§ **Given information**
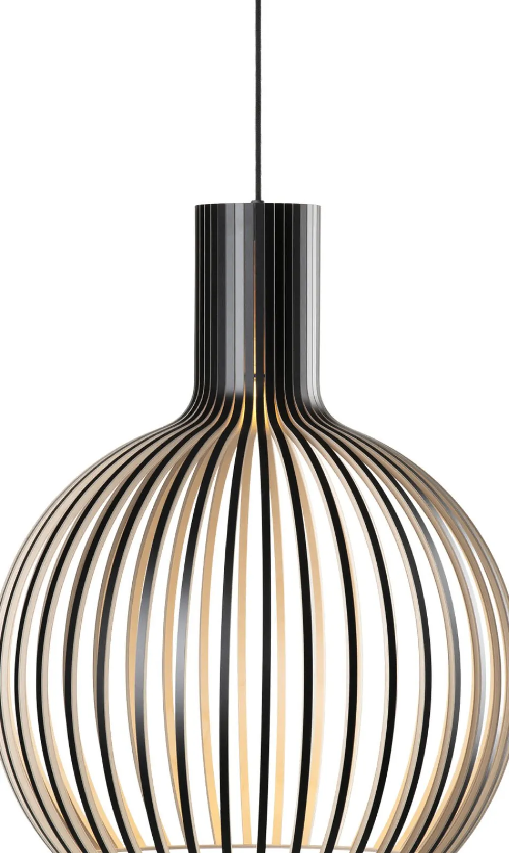 Secto 4241 – den smukke loftslampe fra finske Secto. Lampen er designet af Seppo Koho for Secto design og er kendetegnet ved sin enkelhed og runde form. Lampen er fremstillet i Finland og er lavet af formstøbte birkerør. Secto Octo 4241 fås i fire forskellige farver: Sort, hvid, birk og valnød. Lampen giver et utroligt behageligt og elegant lys, der spredes gennem lampens lameller. Ud over det behagelige lys giver lampen også et nyttigt nedadrettet lys, hvilket gør pendlen perfekt til at hænge over spisebordet. Octo-lampen er en stor lampe, men selve designet får lampen til at virke meget luftig og gør det derfor muligt at bruge lampen i mindre rum. Selvom Secto er et relativt ungt mærke, kan Octo 4241-lampen allerede betragtes som en klassiker.
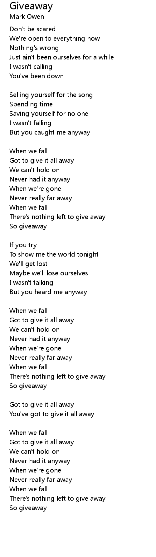 Got to give it all away |
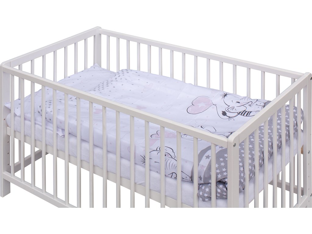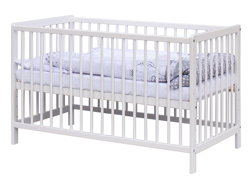 1. Dětská dřevěná postýlka 120x60 cm - bílá, masiv borovice, 3 vyndavací příčky, 5 poloh roštu
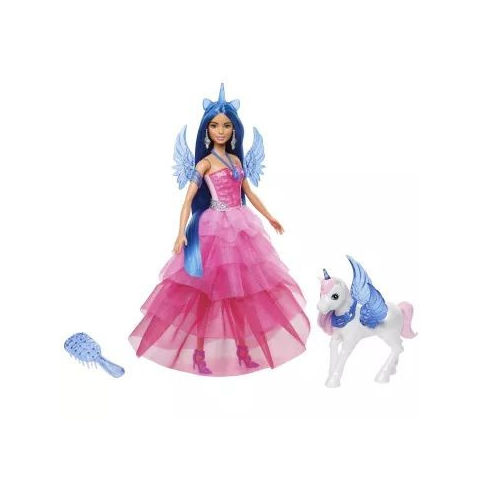 Barbie: 65. évfordulós Zafír hercegnő baba gyerekeknek. A baba rózsaszín fodros ruhát visel, haja kék. Tiarát visel, karjára kis szárnyak tehetők, farkincája levehető. A szett egy alikornis barátot is tartalmaz. A színek és díszítések eltérhetnek a képen láthatótól.
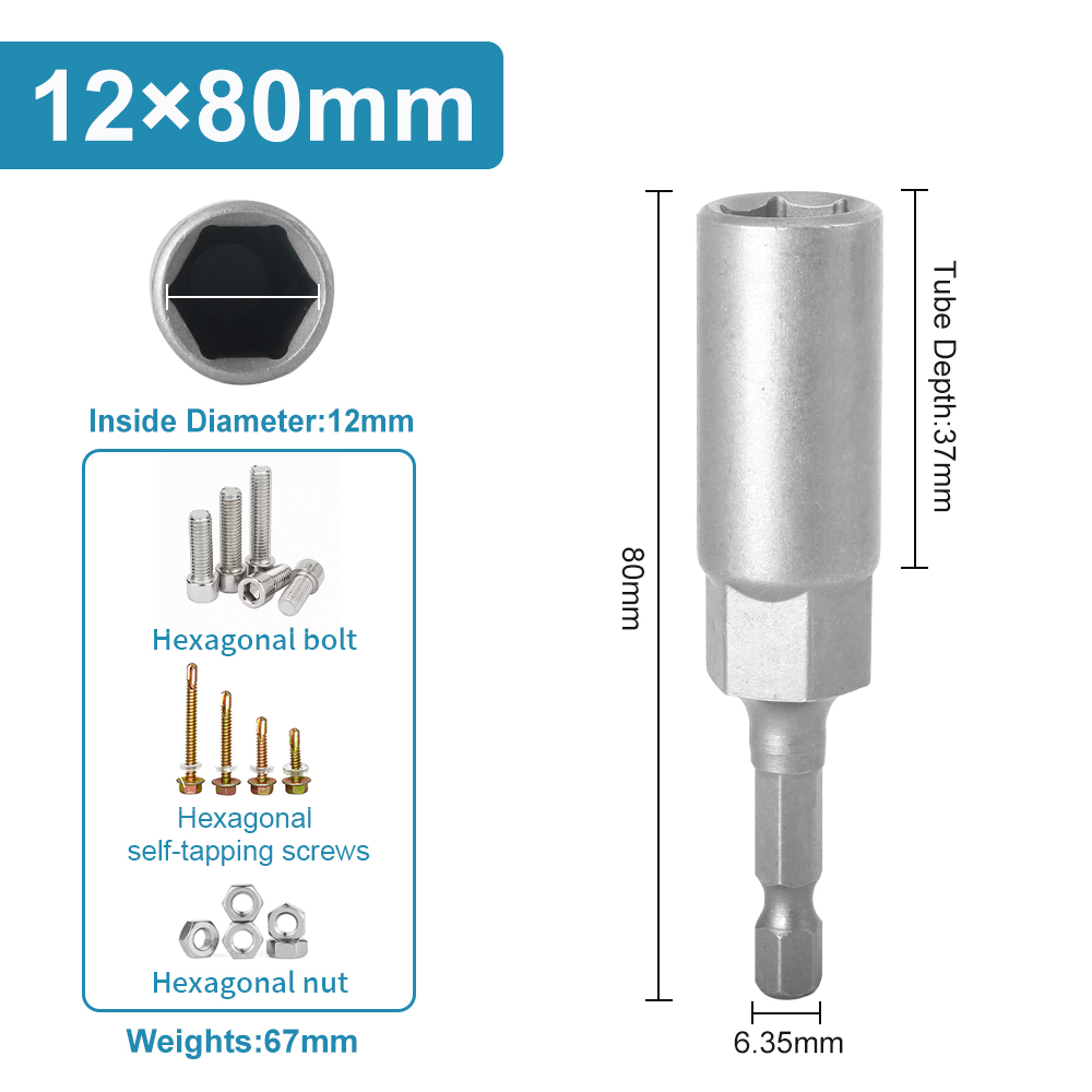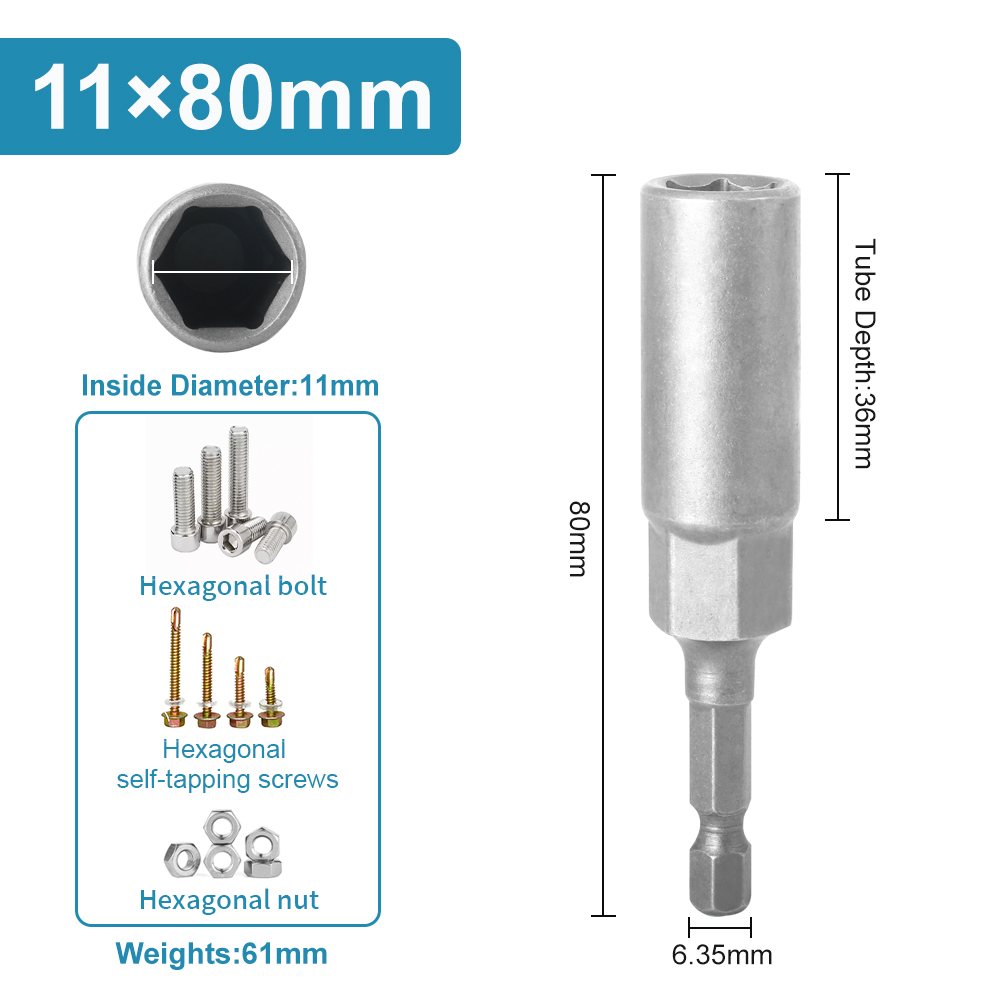 Length Deepen Impact Socket Adapter 5-19mm Power Nut Driver Socket Set 1/4-inch Hex Shank Screwdriver Key Head Hand Tool 1PC
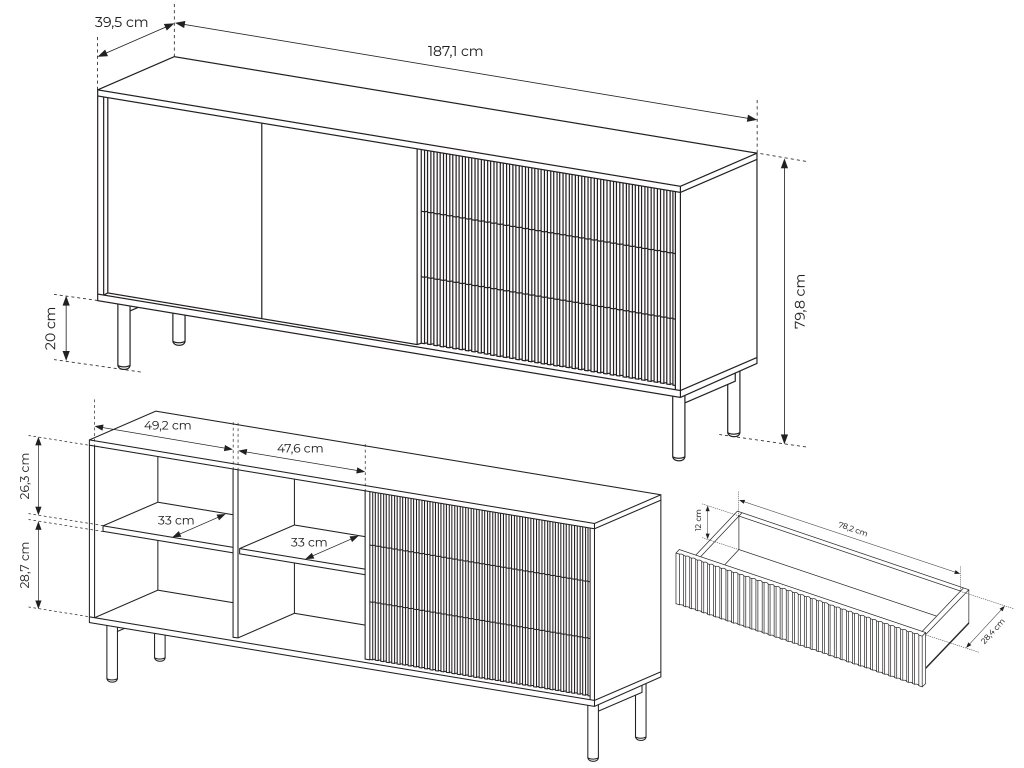- Fiókok mérete (SzéxMaxMé): 78,2 x 12 x 28,4 cm

§ **Task to carry out**
Beginning at the line that contains "1. Dětská dřevěná" and ending at the last line of the data, return each line exactly; no picture belongs in the copy.

§ **Output below**
 1. Dětská dřevěná postýlka 120x60 cm - bílá, masiv borovice, 3 vyndavací příčky, 5 poloh roštu
 Barbie: 65. évfordulós Zafír hercegnő baba gyerekeknek. A baba rózsaszín fodros ruhát visel, haja kék. Tiarát visel, karjára kis szárnyak tehetők, farkincája levehető. A szett egy alikornis barátot is tartalmaz. A színek és díszítések eltérhetnek a képen láthatótól.
 Length Deepen Impact Socket Adapter 5-19mm Power Nut Driver Socket Set 1/4-inch Hex Shank Screwdriver Key Head Hand Tool 1PC
- Fiókok mérete (SzéxMaxMé): 78,2 x 12 x 28,4 cm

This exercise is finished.